The era of suitcases of drug money flooding into the Caymans is pretty much over today. U.S. authorities began to ratchet up the pressure during the drug war, plugging some of the worst leaks. The lawyer Jack Blum explained what happened next on the Cayman Islands: “They say, ‘We don’t do that now.’ Each time they were exposed, they would clean up the thing that was exposed. They’d say things like, ‘We’re in financial deals now; we’re in insurance.’ You go back to Cayman today, and all the guys are in pinstripe suits.”
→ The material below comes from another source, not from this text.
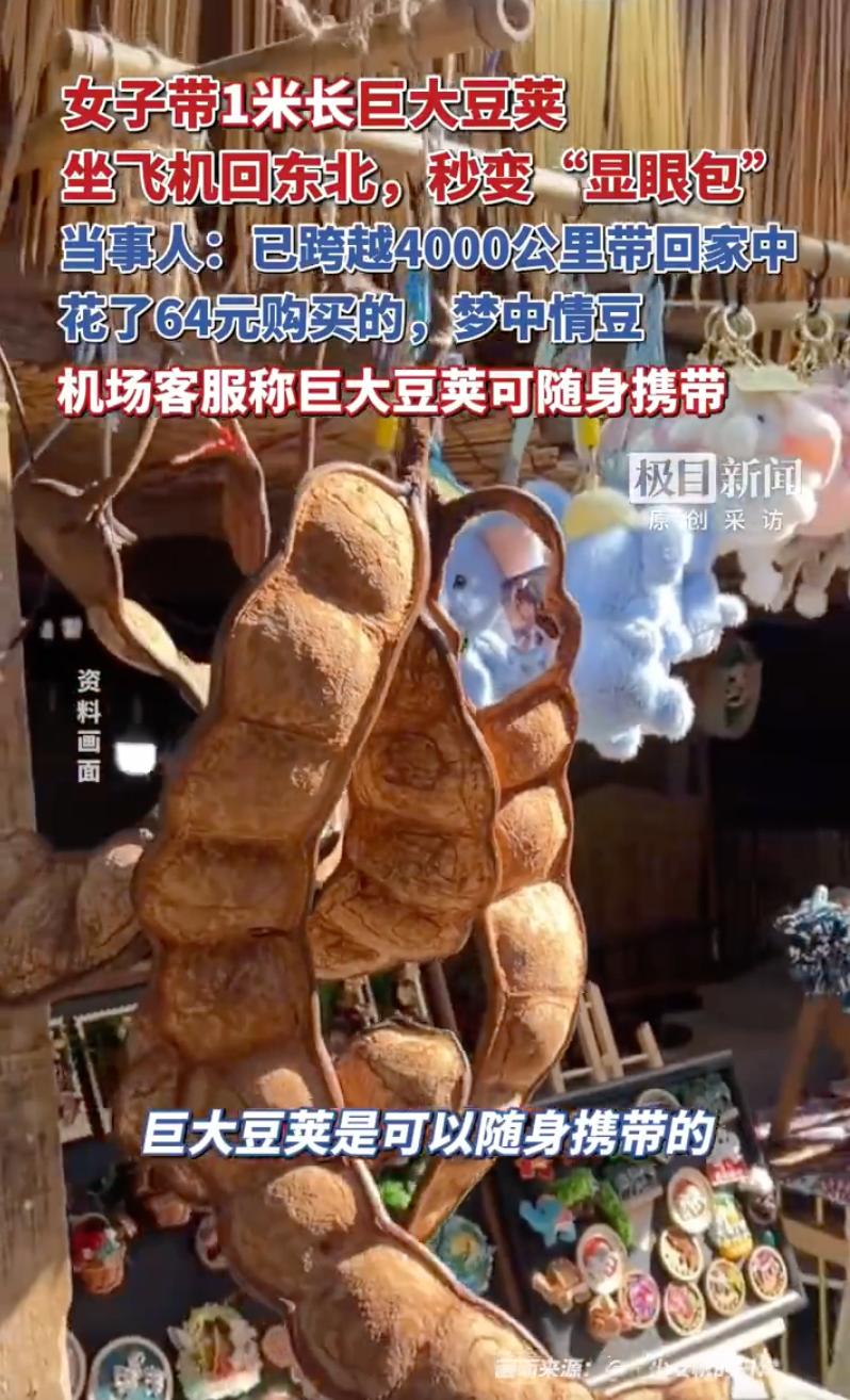 这是真牛!辽宁大连的陈女士最近彻底火了,她从云南花64块钱买了个一米多长的巨大豆荚,一路盘在肩膀上坐飞机、转机,跨越了整整4000多公里把它带回了东北老家,机场安检和路人全都看呆了,网友调侃:这哪是豆荚,这分明是盘了条“大蛇”在身上。 这豆荚长得确实稀奇,外皮深褐色,皱巴巴的,弯弯曲曲扭成一团,要是没个心理准备,猛一看真能把人吓得一激灵,陈女士却稀罕得不行,管它叫“梦中情豆”,为了把它弄回家,她先从普洱飞成都,再从成都转机回大连,一路上这个“显眼包”吸足了眼球,连机场客服都专门回应了,只要不超重,这玩意儿随身带上飞机完全没问题。 据了解,这种巨大的豆荚学名叫榼藤,民间俗称“过江龙”,是咱们中国个头最大的豆荚,能长到一米多长,当地人看惯了觉得没啥,但外地游客瞧着新鲜,几块钱一个豆粒,买回去挂在家里当摆件,确实挺酷炫,还有人拿它做手工小娃娃,萌得不得了。 不少网友看完也想整一个,有的说这东西背在身上走在东北大街上,回头率绝对拉满,还有云南本地网友纳闷,这玩意儿满大街都是,外地人咋这么宝贝。 不过这豆荚虽然好看,带回家可得留个神,这种植物之所以能长这么大,其实是为了繁衍,等它彻底干透了,为了把种子送得远一点,豆荚会突然“砰”的一声发生爆裂,那动静大得跟放炮仗似的,种子能直接崩飞出好几米远,要是正好有人在跟前,还真容易被伤着,之前就有网友遇到过,在家放着好好的突然“炸了”,满屋子找豆子。 话说回来,这东西在咱们传统文化里寓意好得很,讲究的是“多子多福”和“四季平安”,因为它形状特殊,里面豆粒多,还有“福禄寿”和“母子平安”的好彩头,买回去处理好了挂在墙上,既是天然的艺术品,又能讨个好寓意,确实是居家装饰的神器。 看的是豆子,带回的是福气,这种跨越几千公里的浪漫,也就咱们这种爱生活的“显眼包”懂。
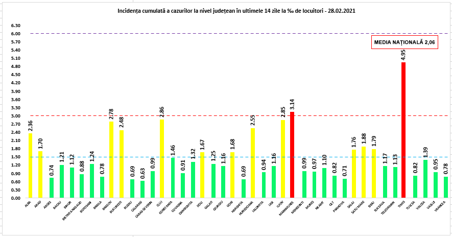 România a raportat, în ultimele 24 de ore, 2.830 cazuri noi de persoane infectate cu SARS–CoV–2 ,acestea fiind cazuri care nu au mai avut anterior un test pozitiv. Până astăzi, 28 februarie, pe teritoriul României, au fost confirmate 801.994 de cazuri de persoane infectate cu noul coronavirus, iar 740.352 de pacienți au fost declarați vindecați.

And yet the crime continues, in different, more sophisticated guises. In March 2001, the U.S. Senate Permanent Subcommittee on Investigations took testimony from a U.S. owner of a Cayman Island offshore bank who estimated that 100 percent of his clients were engaged in tax evasion and 95 percent were U.S. citizens. Dig beneath the Cayman Islands’ sunny spin today, and the incentives to mischief are easy to find. “Client privacy,” a government website notes,24 “is protected by the fact that the Registrar of Companies can only release the name and type of company, its date of registration, the address of the registered office and the company’s status.” You cannot find a list of directors of companies in Cayman, or even a charter that describes what a company is about, without going through a court battle. Trusts do not have to be registered—and there lies another very large and murky tale. The form and the context has changed, for sure, but at root Cayman still does what it always did: finds clever new ways to undermine the rules and laws of other nation-states.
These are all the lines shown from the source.